■ **Exercise requirements**
What you return should be the full listing, copied exactly and stripped of its pictures.

*** Data excerpt

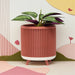 “Quadra” is a vertical-ribbed, cylindrical 3D-printed planter with legs. A compact four-leg pedestal lifts the pot for airflow and a clean mid-century silhouette. Choose Drainage Hole for classic planting, or No Hole to use it as a cachepot with your nursery pot inside. Lightweight yet rigid, metal-free, and modern.
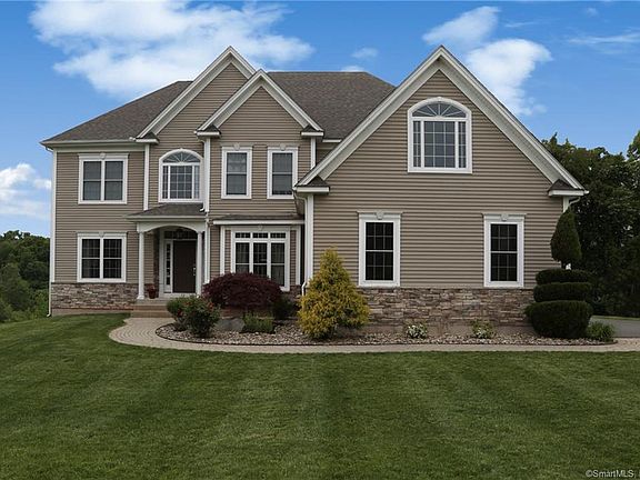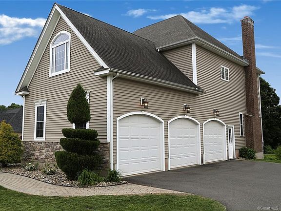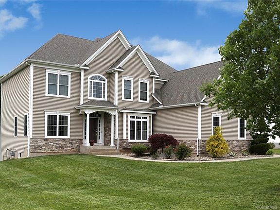 Located in the corner of South Windsor is this Mannarino custom built home in the Dzen Tree Farm neighborhood. You will be greeted by a grand entrance with a vault ceiling and custom Harvey windows that flood the home with natural light. The main floor flows with beautiful hardwood throughout. A desirable open floor plan, that is great for entertaining connects the living room and dining room. The spacious kitchen features stainless steel Whirlpool appliances, custom cabinets, granite counter tops and a beverage bar with wine fridge. The family rooms focal point is a floor to ceiling stone fireplace. It has a remote-control gas insert but can easily be converted to a conventional wood burning fireplace due to its real stone chimney. The main floor also has an office, ½ guest bath and a tiled mudroom entrance from the three-car garage with oversized doors. Head upstairs to find five bedrooms and many other surprises. The Master bedroom has an oversized walk-in closet and ensuite with both, a custom tiled shower and a full size jacuzzi tub. Through the closet is a second private office with a grand floor to ceiling window. Three of the other bedrooms are full sized with the fifth being a bonus double sized mini master with a walk-in closet. It would also double as a game room or upstairs den. The upstairs is capped with another full bathroom and laundry room.
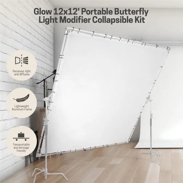 The Glow 12X12 Butterfly Scrim Kit tackles the most daunting lighting challenges out there - even lighting to bathe a vast area, without special modifiers on the source. It receives your light and diffuses even the most severe, direct light changes into a gentle and controllable source for still or video photographers. The 12x12' Butterfly consists of a collapsible aluminum frame that can be easily assembled and fitted with an efficient light modifying, light diffusion screen, to transform any intense light source from hard to soft, natural to artificial. The sheer size of our 12x12 Butterfly Scrim helps the master the harsh nature of a powerful light source into a wide variety of diffused illumination solutions.
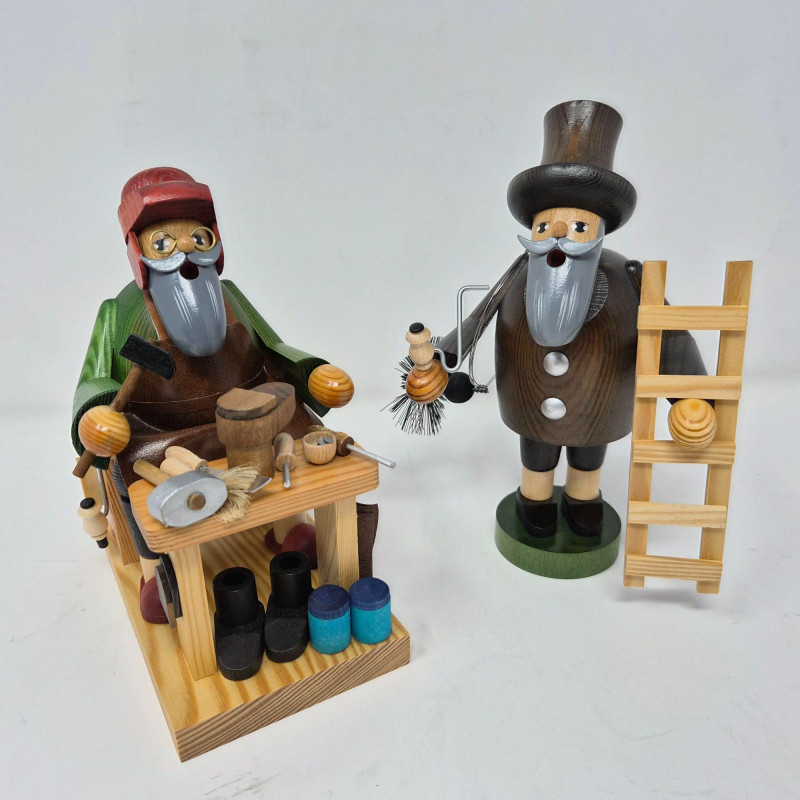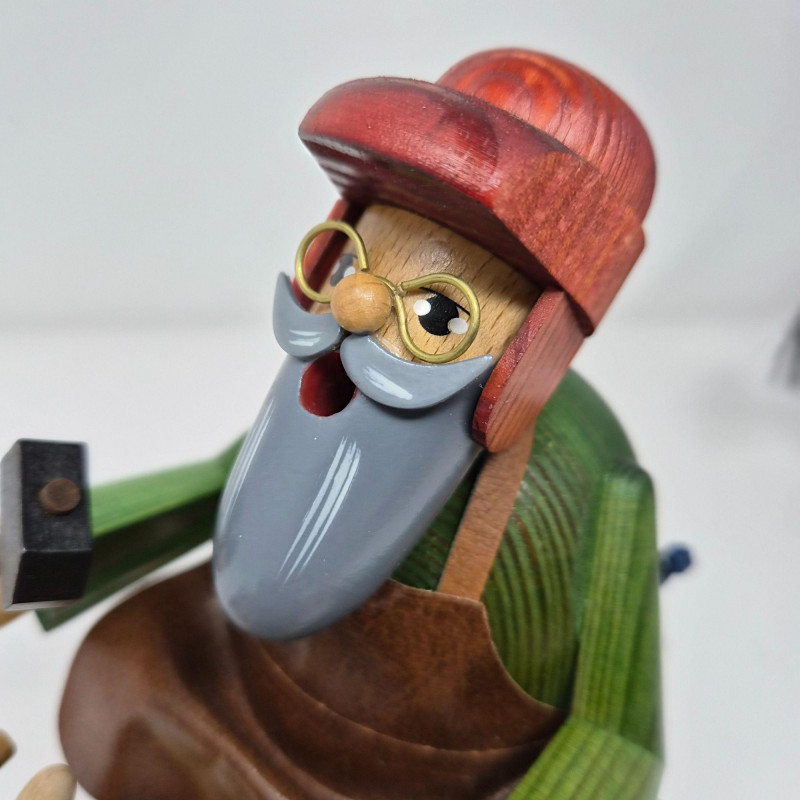 A delightful pair of traditional German incense smoker figurines (Räuchermänner) from the Ore Mountains (Erzgebirge), crafted by KWO. These wooden figures are part of the “Die Bärtigen” (“The Bearded Ones”) series and are designed to burn cone incense, with smoke emerging from the mouth for a whimsical effect Both are likely made of beechwood and showcase hand-painted details and hollowed interiors for incense placement. A charming example of German folk art and holiday tradition—perfect for seasonal display or year-round collectors of Erzgebirge craftsmanship.

******

■ **Answer to this task**
 “Quadra” is a vertical-ribbed, cylindrical 3D-printed planter with legs. A compact four-leg pedestal lifts the pot for airflow and a clean mid-century silhouette. Choose Drainage Hole for classic planting, or No Hole to use it as a cachepot with your nursery pot inside. Lightweight yet rigid, metal-free, and modern.
 Located in the corner of South Windsor is this Mannarino custom built home in the Dzen Tree Farm neighborhood. You will be greeted by a grand entrance with a vault ceiling and custom Harvey windows that flood the home with natural light. The main floor flows with beautiful hardwood throughout. A desirable open floor plan, that is great for entertaining connects the living room and dining room. The spacious kitchen features stainless steel Whirlpool appliances, custom cabinets, granite counter tops and a beverage bar with wine fridge. The family rooms focal point is a floor to ceiling stone fireplace. It has a remote-control gas insert but can easily be converted to a conventional wood burning fireplace due to its real stone chimney. The main floor also has an office, ½ guest bath and a tiled mudroom entrance from the three-car garage with oversized doors. Head upstairs to find five bedrooms and many other surprises. The Master bedroom has an oversized walk-in closet and ensuite with both, a custom tiled shower and a full size jacuzzi tub. Through the closet is a second private office with a grand floor to ceiling window. Three of the other bedrooms are full sized with the fifth being a bonus double sized mini master with a walk-in closet. It would also double as a game room or upstairs den. The upstairs is capped with another full bathroom and laundry room.
 The Glow 12X12 Butterfly Scrim Kit tackles the most daunting lighting challenges out there - even lighting to bathe a vast area, without special modifiers on the source. It receives your light and diffuses even the most severe, direct light changes into a gentle and controllable source for still or video photographers. The 12x12' Butterfly consists of a collapsible aluminum frame that can be easily assembled and fitted with an efficient light modifying, light diffusion screen, to transform any intense light source from hard to soft, natural to artificial. The sheer size of our 12x12 Butterfly Scrim helps the master the harsh nature of a powerful light source into a wide variety of diffused illumination solutions.
 A delightful pair of traditional German incense smoker figurines (Räuchermänner) from the Ore Mountains (Erzgebirge), crafted by KWO. These wooden figures are part of the “Die Bärtigen” (“The Bearded Ones”) series and are designed to burn cone incense, with smoke emerging from the mouth for a whimsical effect Both are likely made of beechwood and showcase hand-painted details and hollowed interiors for incense placement. A charming example of German folk art and holiday tradition—perfect for seasonal display or year-round collectors of Erzgebirge craftsmanship.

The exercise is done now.